Kamkaz a jednak @ się pojawiła! To powodzenia w tym cyklu, oby był ostatni w tym roku:-)
Agaawa super że już w domu! I spokojnie, na pewno hormony się wyregulują i nie będziesz miała takich nerwów i humorków. A mamie i teściowej wyraźnie pokaż, że to Ty jesteś mamą Piotrusia :-)
Fajnie, że tak łatwo Wam przychodzi karmienie, oby tak dalej
Ja już po wizycie.
Wszystko jest okej, szyjka zamknięta, odpowiednio długa, choć od ostatniej wizyty się skróciła. Duphaston zamieniamy na luteinę dopochwową (na samą myśl już się boję...) i może to pomoże na te bóle i twardnienia. No i magnez dalej.

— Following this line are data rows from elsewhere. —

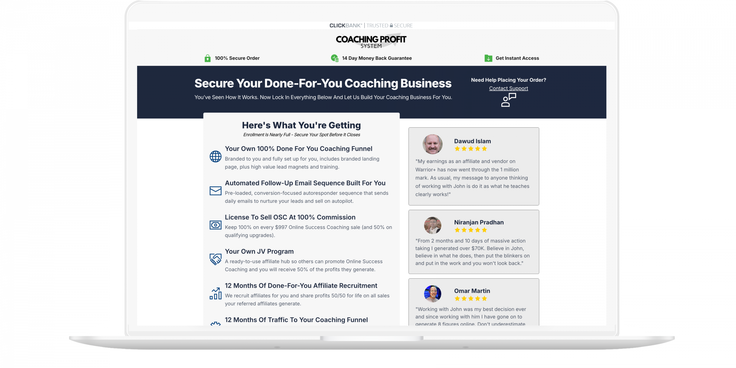 John even drives traffic and recruits affiliates, making this a true no brainer offer as this effectively gives them their own Coaching Business without creating products, running webinars, or coaching anyone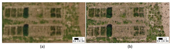 Considering the first study area, the orthophoto mosaic generated (Figure 8a) was created with a Ground Sampling Distance (GSD) of 1.78 cm, making it possible to visualize the surveyed area with great detail. Regarding the second study area, a lower spatial resolution was obtained on the orthophoto mosaic (Figure 8b) with a GSD of 3.70 cm. Considering the orthophoto mosaic observations, problems in transition areas were not noticeable in the region of interest, as it is not presenting displacement areas, and verifying a good balance in brightness levels in both cases. However, outside the region of interest, where a fewer number of images were acquired, some radiometric or coloring variations are more noticeable close to the borders. These issues were already observed in other studies [39].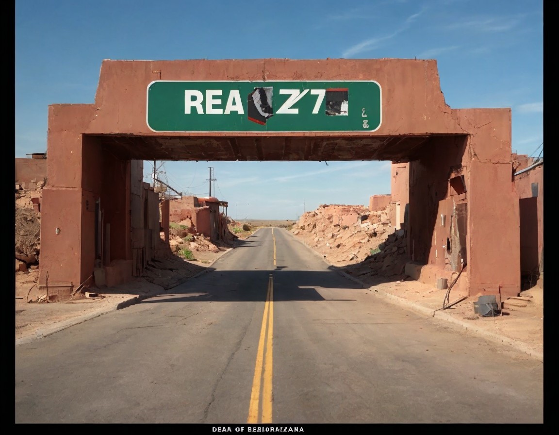 A snowy village entry arch with "KIEDYZ4" text over a clear road, flanked by cozy houses and a car under a winter sky.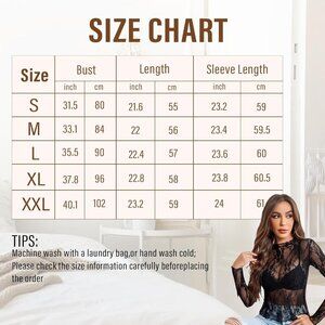 High-Quality Fabric for Comfort and Breathability: This sheer tops women are made from 100% high-quality polyester. The premium sheer lace fabric with delicate floral patterns creates an elegant look while offering a breathable fit, making it perfect for all-day wear.

No i wygląda na to, że będziemy mieli CÓRECZKĘ :-):-)
Agaawa super że już w domu! I spokojnie, na pewno hormony się wyregulują i nie będziesz miała takich nerwów i humorków. A mamie i teściowej wyraźnie pokaż, że to Ty jesteś mamą Piotrusia :-)
Fajnie, że tak łatwo Wam przychodzi karmienie, oby tak dalej
Ja już po wizycie.
Wszystko jest okej, szyjka zamknięta, odpowiednio długa, choć od ostatniej wizyty się skróciła. Duphaston zamieniamy na luteinę dopochwową (na samą myśl już się boję...) i może to pomoże na te bóle i twardnienia. No i magnez dalej.